Task objective:
Starting with the line that holds "Коли подружжя Нетаньягу", repeat each line through the last one below, exactly. Pictures stay out.

(Records excerpted from a collection)
BEGIN

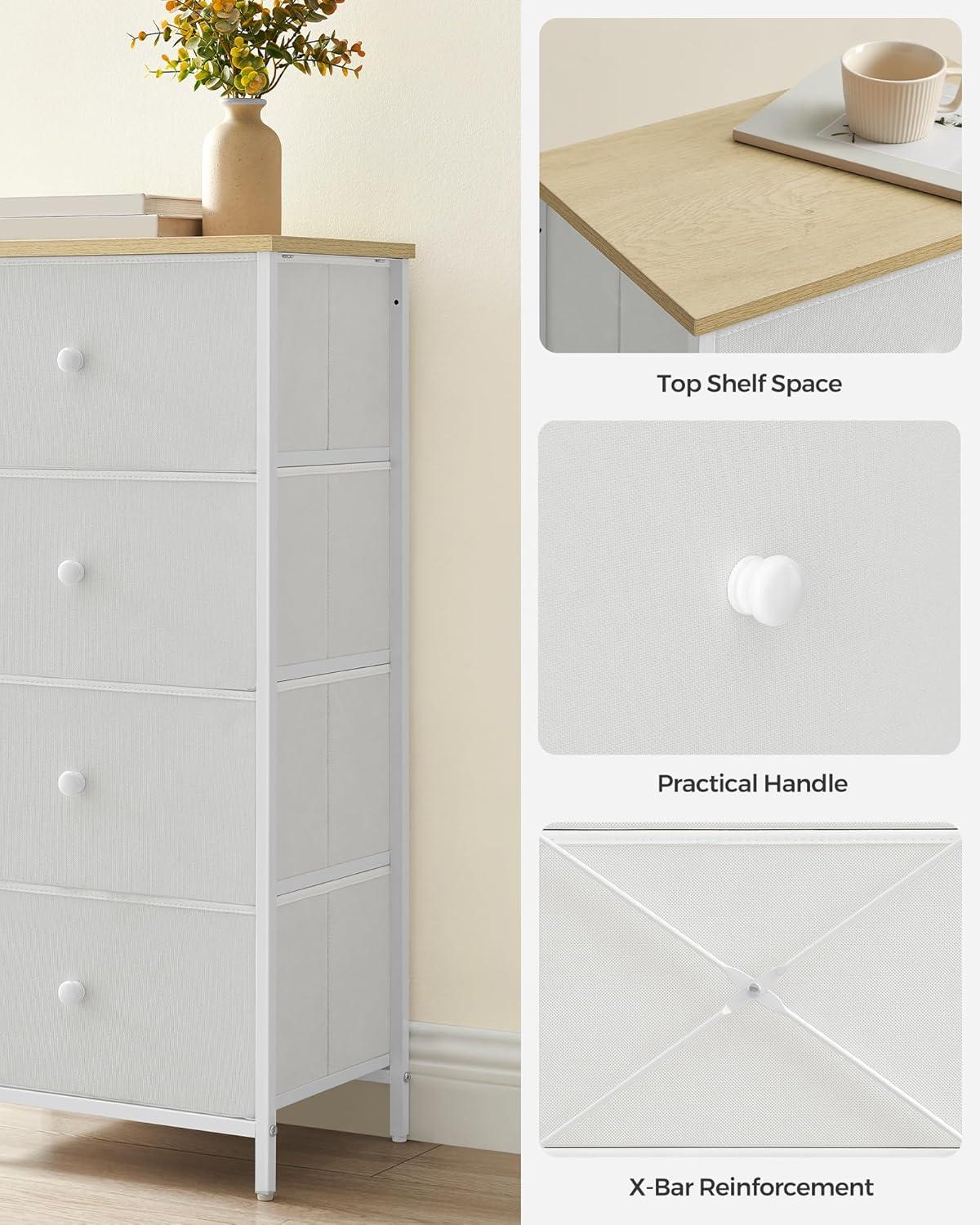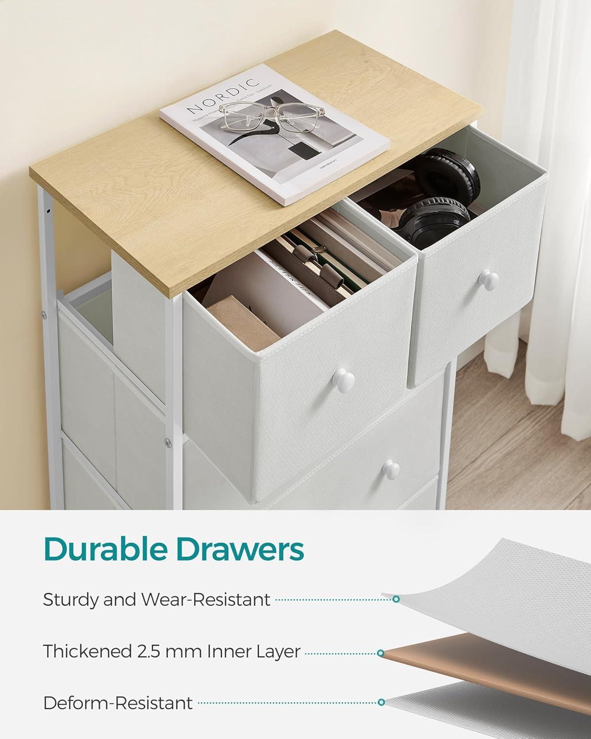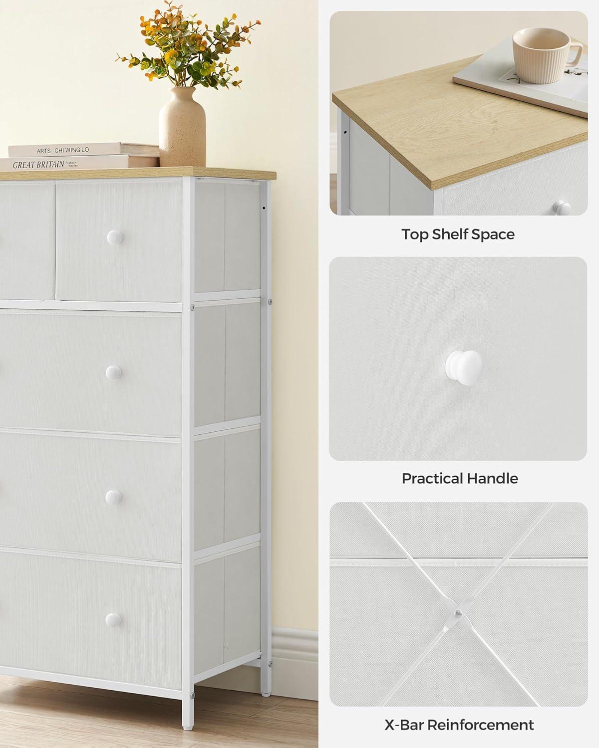 SONGMICS10 Drawers Wide Dresser, 10 Drawers 10-Drawer Dresser Storage Tower, Metal Frame, Wooden Top and Front, Fabric Drawers, 10 Drawers Brown and Black ULGS145B01(White + Oak)
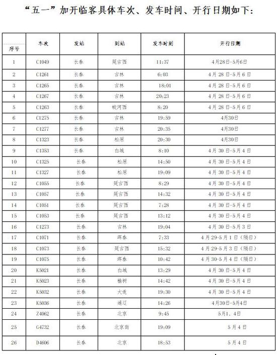 根据节假日旅客运输特点,提前计划加开列车。今年“五一”小长假期间,长春站预计发送旅客67.5万人,日均13.5万人。为了方便“高铁+旅游”出行的旅客,即日起至5月4日加开吉林、延吉西、蛟河西、松原、榆树、大连、通辽、白城、珲春、北京方向的临时旅客列车26列。
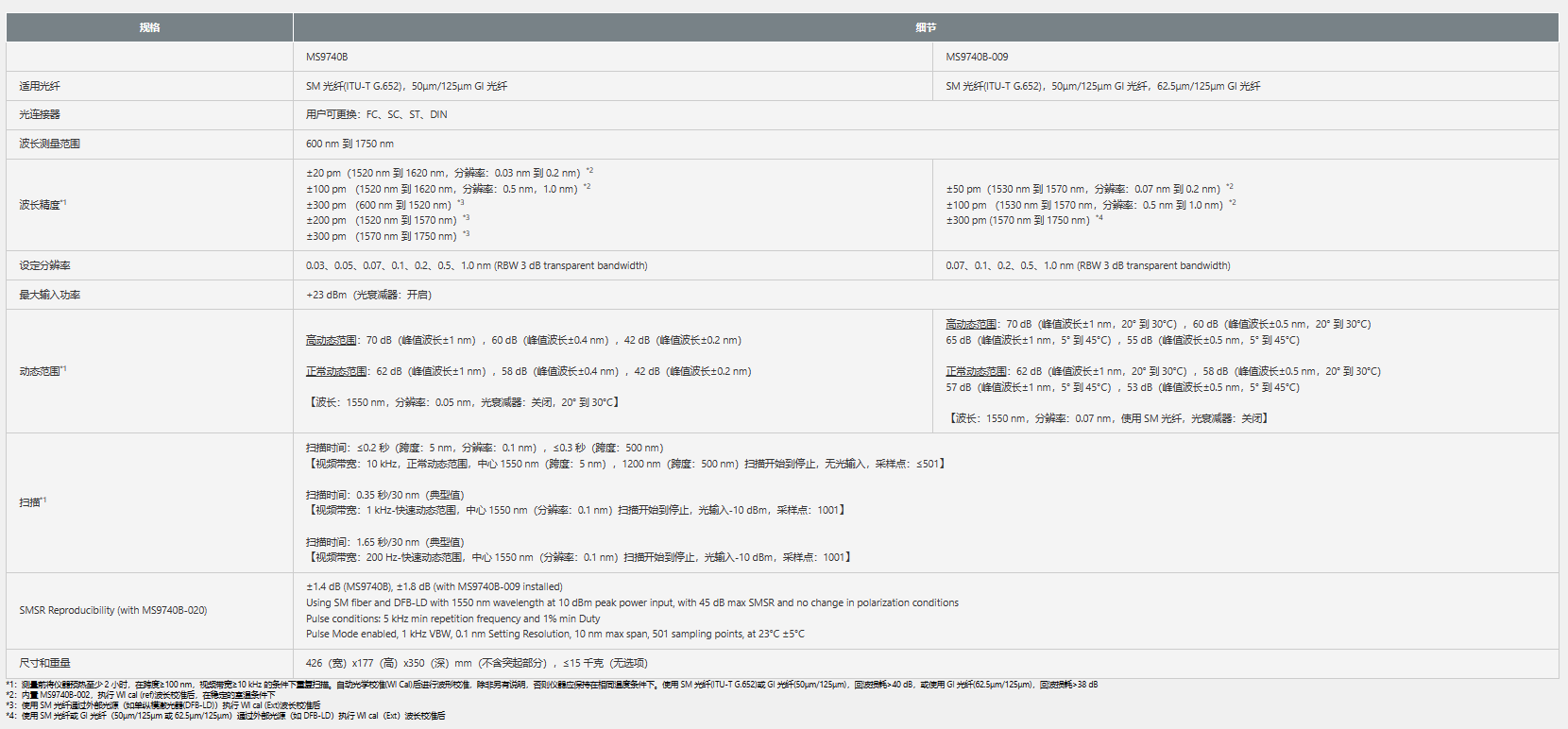 分辨率:MS9740B的分辨率为0.05nm,在1550nm波长下,且在光衰减关闭(Att: Off)的情况下,在20~30℃的温度条件下测量得到。这一分辨率的提高意味着MS9740B能够更精确地测量光谱中的细微差异,对于需要高精度测量的应用场景尤为重要。
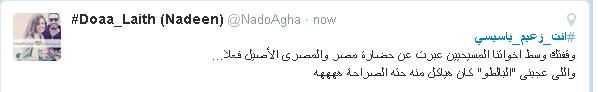 وقالت "(Doaa_Laith (Nadeen": "وقفتك وسط اخواتنا المسيحيين عبرت عن حضارة مصر والمصرى الأصيل فعلا... واللى عجبنى "البالطو" كان هياكل منه حته الصراحة ههههه".
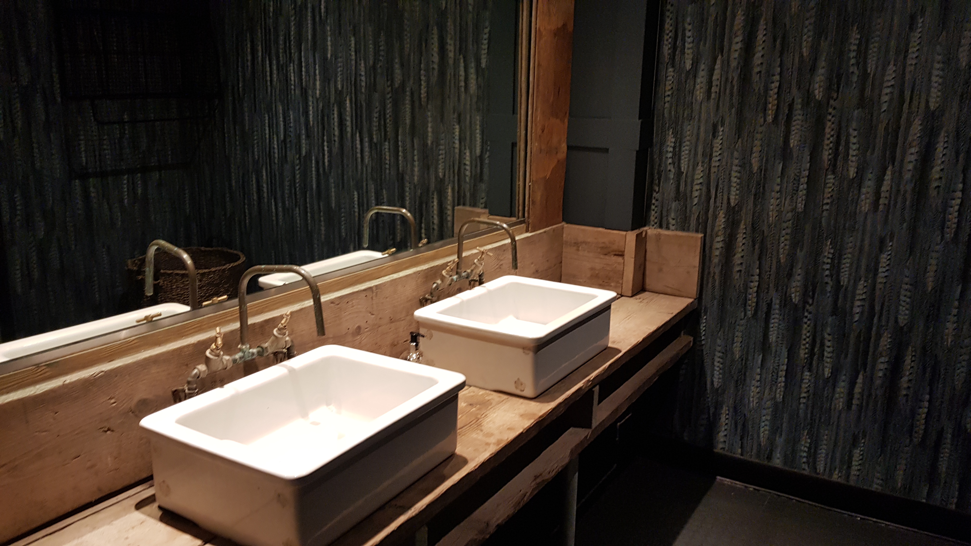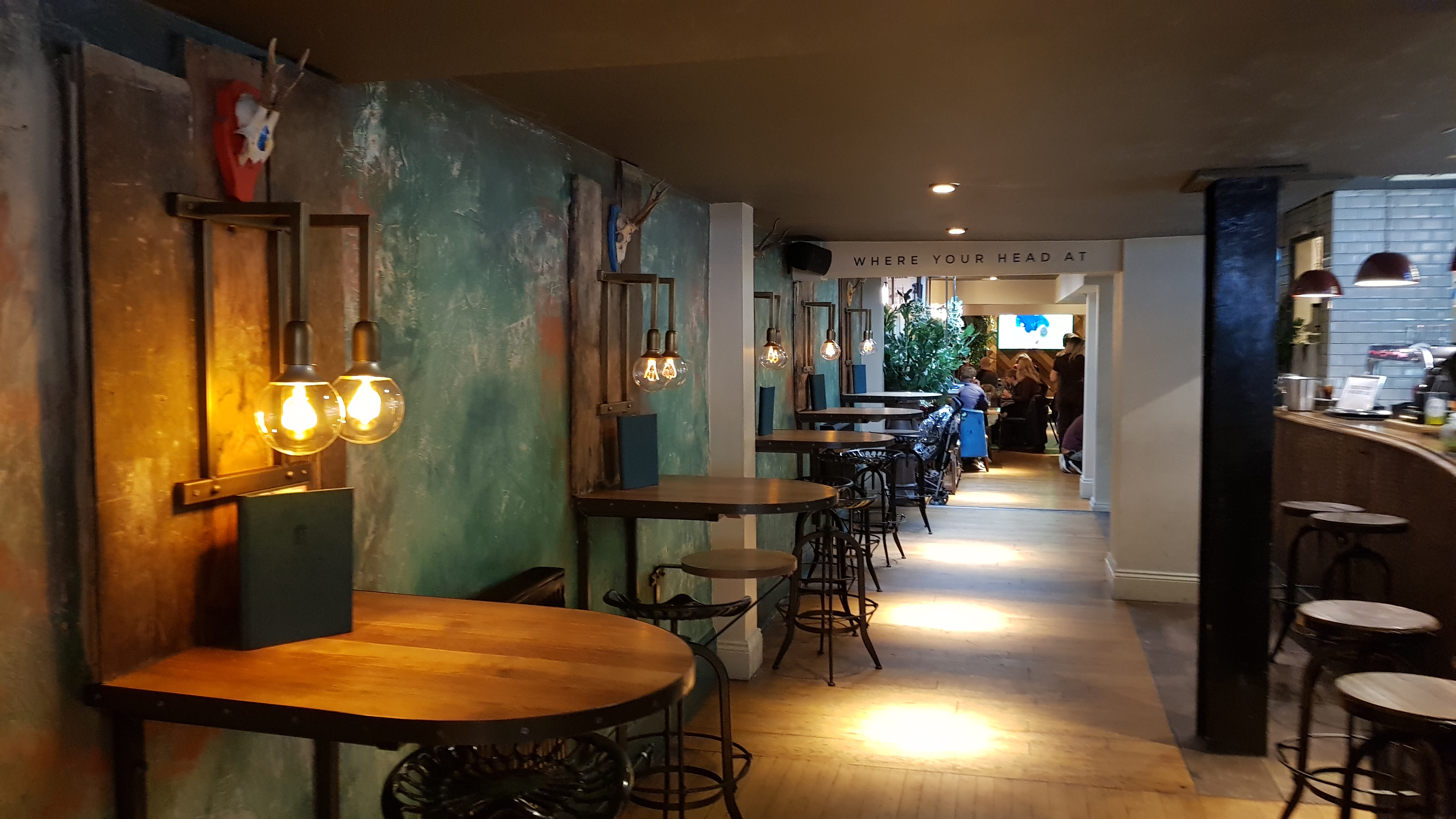 On entering, we immediately liked the industrial vibe with pallet wood, retro posters and subway tiles. These elements were softened by the use of circular, studded-leather banquets which put me in mind of Chesterfield sofas, velvet armchairs and curtains, crystal cut glasses, test-tubes of baby’s breath on the tables and a green foliage wall with twinkling fairy lights. Of course, Mr FFF took very little notice of these elements as the Ruby World Cup was being show on a big screen! Despite the sporting excitement, the atmosphere was very much one of relaxed sophistication.
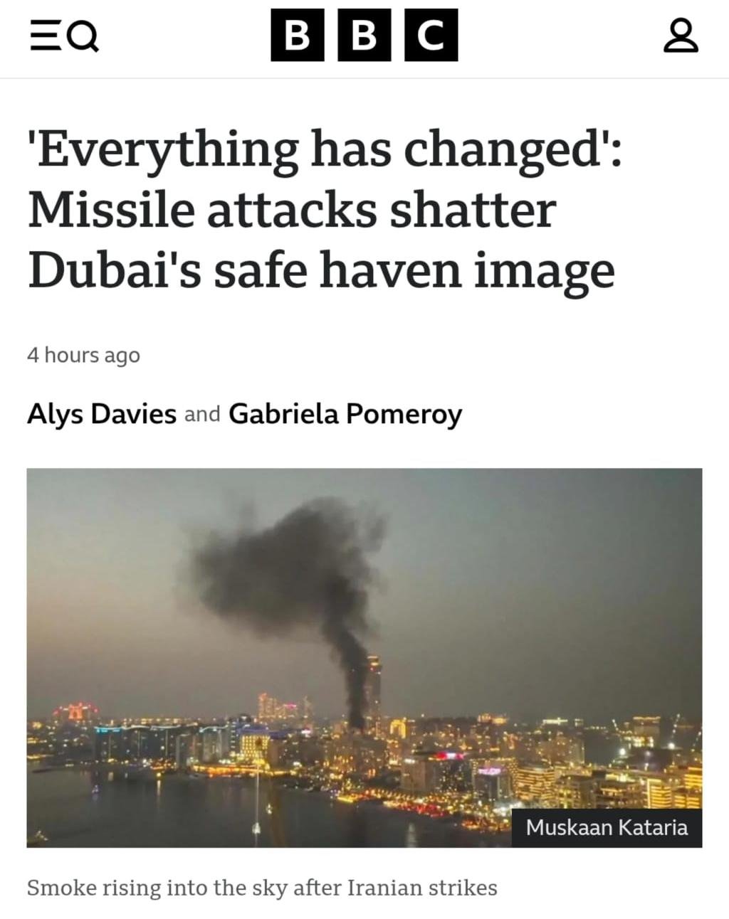 BBC: ‘Everything has changed’: Missile attacks shatter Dubai’s safe haven image
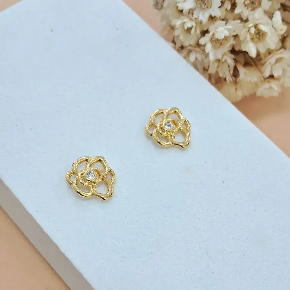 Brinco flor em zircônia com pérola shell...
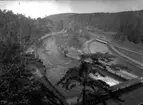Vy över Ol-Ers (Lenninge 2:20). I förgrunden gamla landsvägen och järnvägen, till höger grindvaktarstugan vid övergången.
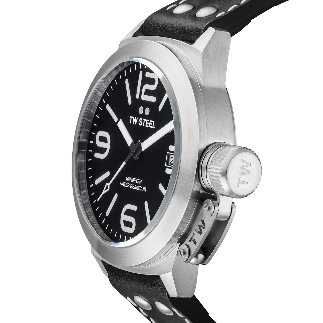 A bold vintage leather strap adorns this striking Canteen Style model. Additional features include brushed steel case and black dial.
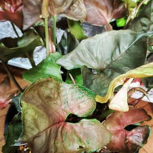 シンゴニウムと書いてあるけど、それ以上書いてなくて気になります💦 見たことないシンゴニウムなのですが、これの品種?がわかる方いますか? チョコレートとも違うと思います🙄 所々斑が入ってる葉もあります。
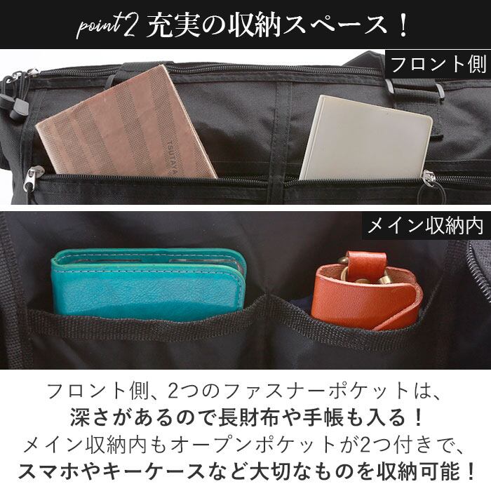 ・フロント側に配置された2つのファスナーポケットが印象的なデザイン。深さがしっかりとあるポケットで、長財布やB6サイズの単行本や手帳もINできる♪
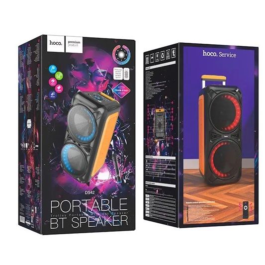HOCO DS42 — это мощная портативная акустическая система, созданная для ярких вечеринок, домашних развлечений и активного отдыха. Колонка оснащена двумя сабвуферами и твиттером, обеспечивающими мощные басы и кристально чистые средние и высокие частоты. LED RGB-подсветка с четырьмя режимами добавляет атмосферы, а два беспроводных цифровых микрофона делают её идеальным выбором для караоке.
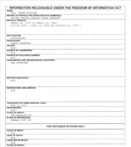 That when it comes to concealing its embarrassing truths or for purposes of national security the military and intelligence apparatus as well as political appointees will, when necessary, go so far as to manufacture entries and create a fraudulent DD214 and/or SRB known as a “Front File” to provide them plausible deniability.
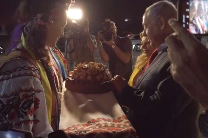 Коли подружжя Нетаньягу зійшло з літака, їх вітали троє дівчат в українському національному одязі та з короваєм.
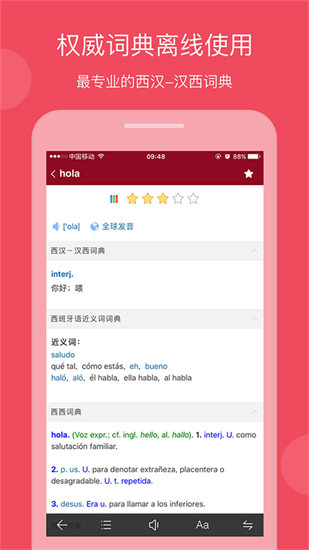 1、软件提供多种翻译,西汉-汉西词典、西语近义词词典、西西词典、西英词典。
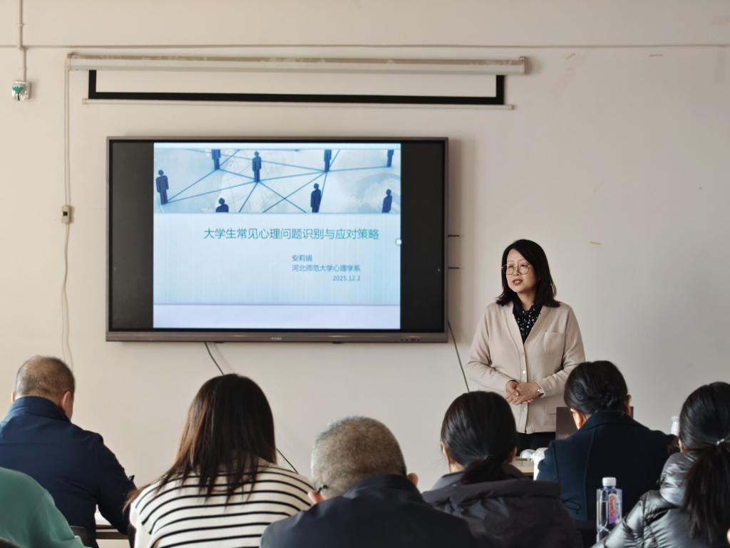 为切实提升辅导员心理育人专业能力,护航员工健康成长。12月2日,太阳成集团tyc539在第一教学楼408室举办员工心理健康教育工作专题培训。本次培训以“老员工常见心理问题识别与应对策略”为主题,特别邀请河北师范大学应用心理学硕士生导师安莉娟教授主讲,公司党委书记王剑彪、党委副书记李丽及全体专兼职辅导员参加。

END

Result for this task:
 Коли подружжя Нетаньягу зійшло з літака, їх вітали троє дівчат в українському національному одязі та з короваєм.
 1、软件提供多种翻译,西汉-汉西词典、西语近义词词典、西西词典、西英词典。
 为切实提升辅导员心理育人专业能力,护航员工健康成长。12月2日,太阳成集团tyc539在第一教学楼408室举办员工心理健康教育工作专题培训。本次培训以“老员工常见心理问题识别与应对策略”为主题,特别邀请河北师范大学应用心理学硕士生导师安莉娟教授主讲,公司党委书记王剑彪、党委副书记李丽及全体专兼职辅导员参加。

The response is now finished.